スリは涙と鼻水をダラダラ流して懇願する。クレアは微笑を浮かべながら


「もういいわ。行ってください」


そう言ってスリを許した。スリはそれを聞いた瞬間、脇目も降らずその場を全力疾走で走り去っていった。


「ちっ、どうなってもしらねぇぞ」


つまらなそうにゴウキが舌打ちをする。
クレアはそんばゴウキをキッと睨みつけた。


「やり過ぎよ。どうしてあそこまでやったの?」


「憲兵に突き出されそうになったらナイフで襲ってきたやつだぜ。アイツは根っからの屑だよ。

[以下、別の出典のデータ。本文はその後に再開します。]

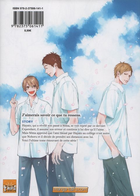 Hayato, qui a révélé son passé à Sôma, se voit rejeté par ce dernier. Cependant, il assume son erreur et continue à lui dire qu’il l’aime. Mais Sôma apprend que l’ami blessé par Hayato au collège n’est autre que Noboru et il décide de prendre ses distances avec lui. Voici l'ultime tome émouvant de cette série !
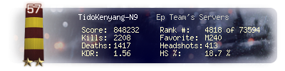 | Kill-streak | 17 | Death-streak | 9 | Team Kills | 0 |
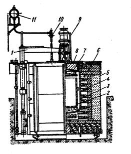 Детали нагреваются горячим воздухом, который подается вентилятором 3, установленным на крышке 2, входящей в песочный затвор 5. Вокруг корзины 4 с деталями размещены проволочные нагреватели 6 . Кожух 1 печи сделан из листовой стали. Обычно шахтные печи углубляют в приямок.
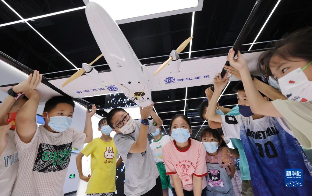7月30日,浙江省湖州市德清县三桥小学学生在德清地理信息科技馆了解无人机知识。

絶対に反省しねぇしまたやると思うぜ」


ていうか正当防衛だろ・・・とゴウキは溜め息をつく。
まぁゴウキもクレアがこうして来ることをある程度見越して、日常生活は送れるものの程度には右手を壊しておいたのだが。
やり過ぎ感はあるが、ゴウキなりにスリの男の狂暴性と残忍性を見抜いていたこその再犯防止策でもあった。


「そんなことわからない。彼は十分に反省していたように見えた」


「そんなやつがナイフなんか振り回すかよ」


「あれは、手を離さないゴウキに怯えたとかで・・・」


無理矢理自分に言い聞かせるように苦し紛れの言い訳をするクレアを見て、ゴウキは溜め息をついた。
クレアのこの「病気」は簡単には治らない。だからこそ自分のような人間が近くにいる必要がある・・・ゴウキはそう考えていた。
『人間』が『人間』に害をなすとは考えない。
反省の色を見せればそれを容易く信じてしまう。簡単に嘘に騙される。病的なまでにクレアはこと人間に対して純粋であるのだ。
そんな彼女だからこそ『勇者』として神託で選ばれたのかもしれないが。


何にせよあくまで『清』である必要があるクレアには、『濁』として汚れ役を買う人間が必要だ・・・
ゴウキはそう考えてクレアに付いていっていた。
例え自分が何を言われようと、どんな扱いを受けようと、そうすることでクレアの助けとなり、ひいては人の助けとなるのなら、自分は甘んじて全てを受け入れようと考えていた。
例え孤独になろうとも、自分は勇者パーティーとして出来ることをやり遂げようと思っている。